Vaughn sees two possible scenarios: the government will increase the cap and/or lenders will get rid of their less risky programs such as Stated Income programs. Ottawa did increase its cap in 2008 from $450 billion to $600 billion as the global financial crisis led banks to increase focus on their cash reserves.

Vaughn believes it will cost more for certain types of borrowers. "In addition to paying fees, they may be looking at higher down payments and even higher interest rates. Over the last few years at this time we've had changes to mortgage rules and there are more to come," he said. More worrisome for Vaughn is that any more changes to the mortgage rules will slow the housing market, which could mean job losses, which would have an impact on defaults and the economy. 
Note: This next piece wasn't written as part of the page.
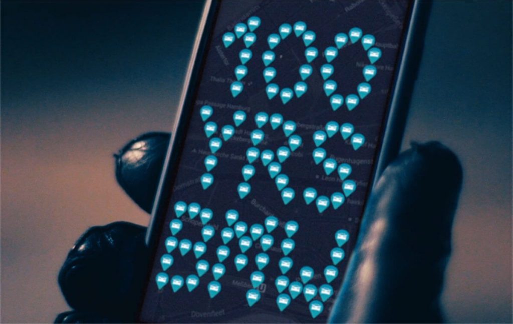 How can a newly founded agency pitch for one of world’s biggest car brands without even being asked? During the night before the official 100th birthday of BMW we used the BMW’s popular car sharing App – DriveNow – to locate 100 BMW vehicles. Each of the cars send a GPS signal with its exact location on the map. We used that and placed 100 car sharing BMW’s on special places to form one bold birthday greeting: 100 YEARS BMW.

Boris Bozic, president and CEO at Merix Finanacial shares Vaughn's concern about the potential for slowing the housing market and where that could lead. "The government has to look closely at the impact on employment when it decides to tighten the rules," he said. "The housing industry makes a significant contribution to the GDP and to the country's overall economic health. As well, the spinoffs to other industries such as retailers like Home Depot are enormous."

Bozic also believes that there are definite changes coming to the way lenders conduct their businesses. "We were all surprised at CMHC's announcement and we have evidence of lenders pulling certain programs but we don't know for how long. Clearly the Stated Income and Business for Self programs will be impacted, and that's interesting because the Business for Self mortgages is one of the safest portfolios." he said. "The government could raise the ceiling - having a sovereign guarantee is nice - however, that raises questions. How much do we want to fund? Do we price the insurance higher? Do we tighten up the rules? We have to be careful because we don't want to slow the market too much."

In the short term, the private insurers will start getting more business however Bozic said they also have ceiling issues. "We have to take a closer look at the funding caps and determine if they are appropriate for today's market and if there is a more equitable way of providing capital relief for lenders."

Finance Minister Jim Flaherty has not specifically stated that he won't increase the limit, but he has signalled that he wants CMHC to figure out a way to operate within it for now.

More study of the impacts of these decisions is what's needed according to Jane Londerville, Associate Professor at the University of Guelph who teaches real estate financing and has written numerous papers on the subject. She is also an advocate for reexamining the role of CMHC.

"Instead of making knee-jerk decisions, we need to look at the whole system of mortgage financing and the role of CMHC needs close examination," she said. "Banks are insuring things they aren't required to insure for capital relief. We don't know what the impact will be with any of the changes. If we studied these issues it may be that nothing needs to be changed or that certain areas just need tweaking."

Londerville said that these changes in criteria for lending started as a reaction to the U.S. housing crisis. "Our sub-prime market was not the same, so we don't really know if we needed to tighten our criteria at all."